Graphical models are descriptions of decomposable multivariate functions.

Queries

A query over a graphical model asks to compute simple statistics over the function such as its minimum or average value.

Conditional Probability Queries

Given: Variables $\mathcal{X}$, Evidence $E = e$, Query $Y$.

Task: Compute $P(Y \mid E = e)$.

$$ \boxed{P(Y \mid E = e) = \frac{P(Y, e)}{P(e)}} $$

Let $W = \mathcal{X} - Y - E$ be variables that are neither query nor evidence (hidden variables).

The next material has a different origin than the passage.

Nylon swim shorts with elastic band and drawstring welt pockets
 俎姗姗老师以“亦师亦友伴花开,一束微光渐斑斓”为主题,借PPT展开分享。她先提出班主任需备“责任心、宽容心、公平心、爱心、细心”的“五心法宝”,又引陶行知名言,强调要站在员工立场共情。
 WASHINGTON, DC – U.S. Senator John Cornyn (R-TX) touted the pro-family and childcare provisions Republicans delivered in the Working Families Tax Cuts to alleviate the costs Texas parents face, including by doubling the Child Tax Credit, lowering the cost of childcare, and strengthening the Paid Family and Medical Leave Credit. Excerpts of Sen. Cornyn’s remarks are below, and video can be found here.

$$ \boxed{P(Y, E = e) = \sum_{W} P(Y, E = e, W)} $$

$$ \boxed{P(e) = \sum_{Y, W} P(Y, E = e, W) = \sum_Y P(Y, E = e)} $$

Reduce factors

Sum-product $$ \begin{align*} P(Y, E = e) &= \sum_{W} P(Y, E = e, W) \\ &= \sum_{W} \frac{1}{Z} \prod_k \phi_k(D_k, E = e) \\ &= \boxed{\sum_{W} \frac{1}{Z} \prod_k \phi^{\prime}_k(D^{\prime}_k)} \end{align*} $$

Reduce the factors by evidence $E = e$.

computational optimization: preprocess the factor to remove irrelevant entries instead of keeping the full factor and evaluating it every time with evidence fixed.
Reducing factors is just plug-in + table simplification.

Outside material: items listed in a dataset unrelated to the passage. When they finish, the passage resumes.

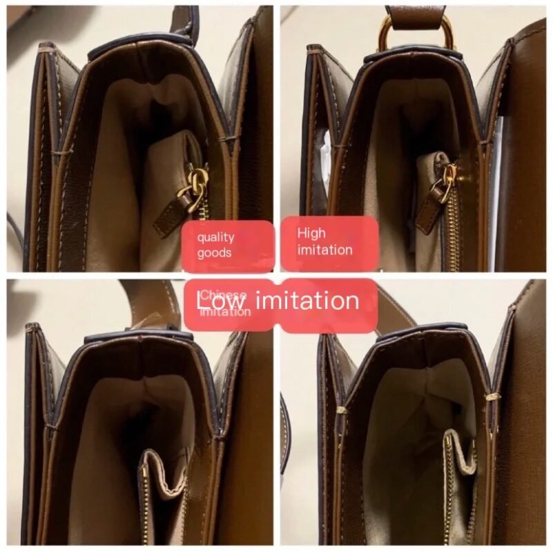 Figure 6: Details of the bag body, the high-end version is close to the genuine product, the color of the medium version synthetic leather is lighter, the color of the low version leather is lighter, and the two heavy lines at the interface are not aligned.
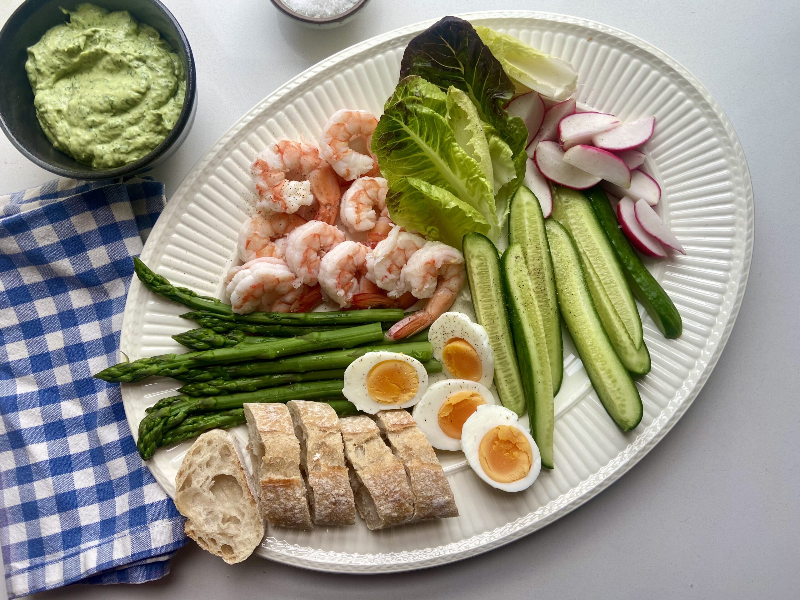 The meal is basically a crudité platter, assembled from whatever vegetables I have in the fridge, plus hard-boiled eggs and cooked shrimp if I’m feeling ambitious. None of it requires utensils or dinner plates (crucial), and all of it can be served at room temperature, which means it’s the kind of meal or starter platter that anyone — not just an empty-nesting recent city transplant — would love to have in the summer rotation. Here’s how to assemble it…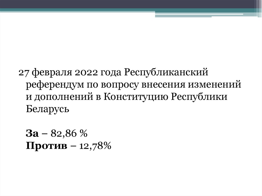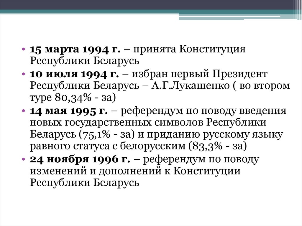 • 15 марта 1994 г. – принята КонституцияРеспублики Беларусь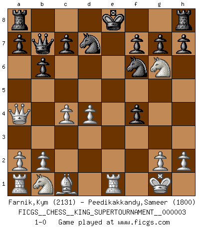 Last move : 1-0 2018 November 1 17:20:36 [Event "FICGS__CHESS__KING_SUPERTOURNAMENT__000003"] [Site "FICGS"] [Date "2018.09.16"] [Round "1"] [White "Farnik,Kym"] [Black "Peedikakkandy,Sameer"] [Result "1-0"] [WhiteElo "2131"] [BlackElo "1800"] 1.e4 e5 2.f4 d5 3.exd5 exf4 4.Nf3 Nf6 5.Bb5+ Bd7 6.Bxd7+ Qxd7 7.O-O Nxd5 8.c4 Nf6 9.d4 b6 10.Ne5 Qd8 11.Qa4+ Nbd7 12.Nc6 Qc8 13.Re1+ Be7 14.Nxe7 Qb7 15.Ng6 1-0 KGD : Falkbeer counter-gambit Kingside Castling by player White (move 7) Player White won this chess game. Follow this game move after move (download)White lost because he failed to remember the right continuation and had to think up the moves himself. (Siegbert Tarrasch) Kann Schach nicht schließlich das Nationalspiel der Deutschen werden? Und welche weiteren Ausblicke bieten sich dann dar! Welche Hebung des allgemeinen Kultur-Niveaus, ja der Moral, wenn das Schachbrett den Kartentisch verdrängen würde! Wahrlich, ein Ziel, des Schweißes der Edlen wert! (Siegbert Tarrasch) Aquellos que dicen que entienden al Ajedrez, no entienden nada. (Robert Hubner) Des idées, des idées, j'en ai cent, j'en ai mille. Des bonnes, des mauvaises, applicables, irréalisables... Il suffit de faire le tri ! (Roos) A mistake is only a mistake if you let it happen twice. Otherwise it is a learning experience. (Daniel Parmet)

The sum can grow exponentially in the number of hidden variable.

Example

$\mathcal{X} = \{X_1, \dots, X_5\}$, $X_i$ is binary variable.
Evidence $E = {X_1 = 1}$.
Query $Y = X_2$.
$W = \mathcal{X} - Y - E = \{X_3, X_4, X_5\}$.

$$ P(Y = y, E = e) = \sum_{x_3, x_4, x_5} P(Y = y, X_1 = 1, \underbrace{X_3 = x_3, X_4 = x_4, X_5 = x_5}_{W}) $$

$\rightarrow$ Compute the joint probability for all 8 possible assignments of $x_3, x_4, x_5$.

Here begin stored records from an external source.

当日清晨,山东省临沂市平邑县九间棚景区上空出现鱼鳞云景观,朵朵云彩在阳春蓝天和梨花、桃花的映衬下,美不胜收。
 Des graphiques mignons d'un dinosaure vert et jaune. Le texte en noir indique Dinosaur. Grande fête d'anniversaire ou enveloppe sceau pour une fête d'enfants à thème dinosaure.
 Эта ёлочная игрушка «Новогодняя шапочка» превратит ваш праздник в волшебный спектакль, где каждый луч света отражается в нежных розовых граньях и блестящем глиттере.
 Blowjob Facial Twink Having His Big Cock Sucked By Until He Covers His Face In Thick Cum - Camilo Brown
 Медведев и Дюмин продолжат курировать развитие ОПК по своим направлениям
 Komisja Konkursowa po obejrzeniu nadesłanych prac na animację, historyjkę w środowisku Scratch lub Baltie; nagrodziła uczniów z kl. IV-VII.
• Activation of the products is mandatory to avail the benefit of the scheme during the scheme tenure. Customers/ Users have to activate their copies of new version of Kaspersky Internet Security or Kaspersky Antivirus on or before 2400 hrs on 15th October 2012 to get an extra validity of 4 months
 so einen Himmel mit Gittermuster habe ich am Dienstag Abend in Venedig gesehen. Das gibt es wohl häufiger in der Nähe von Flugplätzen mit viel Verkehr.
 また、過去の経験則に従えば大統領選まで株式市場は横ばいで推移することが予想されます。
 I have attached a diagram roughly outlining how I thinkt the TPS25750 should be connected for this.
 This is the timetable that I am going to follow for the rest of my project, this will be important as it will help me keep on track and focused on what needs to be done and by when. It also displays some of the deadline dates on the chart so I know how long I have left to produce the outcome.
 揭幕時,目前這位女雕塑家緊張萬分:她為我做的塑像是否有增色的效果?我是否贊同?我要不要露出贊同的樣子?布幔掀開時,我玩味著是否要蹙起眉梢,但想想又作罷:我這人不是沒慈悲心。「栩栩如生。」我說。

In case of 20 variables? $2^{20}$.

Examples

Conditional probability inferences are often called Sum-Product: Sum over a product of factors.
Student Example

$$ P(J) = \sum_{C,D,I,G,S,L,H} \phi_C(C) \phi_D(C,D) \phi_I(I) \phi_G(G,I,D) \phi_S(S,I) \phi_L(L,G) \phi_J(J,L,S) \phi_H(H,G,J) $$

Observe evidences $I = i$ and $H = h$, plug in the original factors. $$ P(J \mid I = i, H = h) = \sum_{C,D,G,S,L} \phi_C(C) \phi_D(C,D) \phi_I(i) \phi_G(G,i,D) \phi_S(S,i) \phi_L(L,G) \phi_J(J,L,S) \phi_H(h,G,J) $$

Study Group Example (Markov Network)

$$ \tilde{P}(D) = \sum_{ABC} \phi_1(A, B) \times \phi_2(B, C) \times \phi_3(C, D) \times \phi_4(A, D) $$

Observe $A = a^0$, reduce factors by removing rows that are inconsistent with the observed evidence. $$ \tilde{P}(D, A = a^0) = \sum_{ABC} \phi^{\prime}_1(A = a^0, B) \times \phi_2(B, C) \times \phi_3(C, D) \times \phi^{\prime}_4(A = a^0, D) $$

Maximum a Posteriori (MAP)

Given: Variables $\mathcal{X}$, Evidence $E = e$, Query $Y = \mathcal{X} - E$.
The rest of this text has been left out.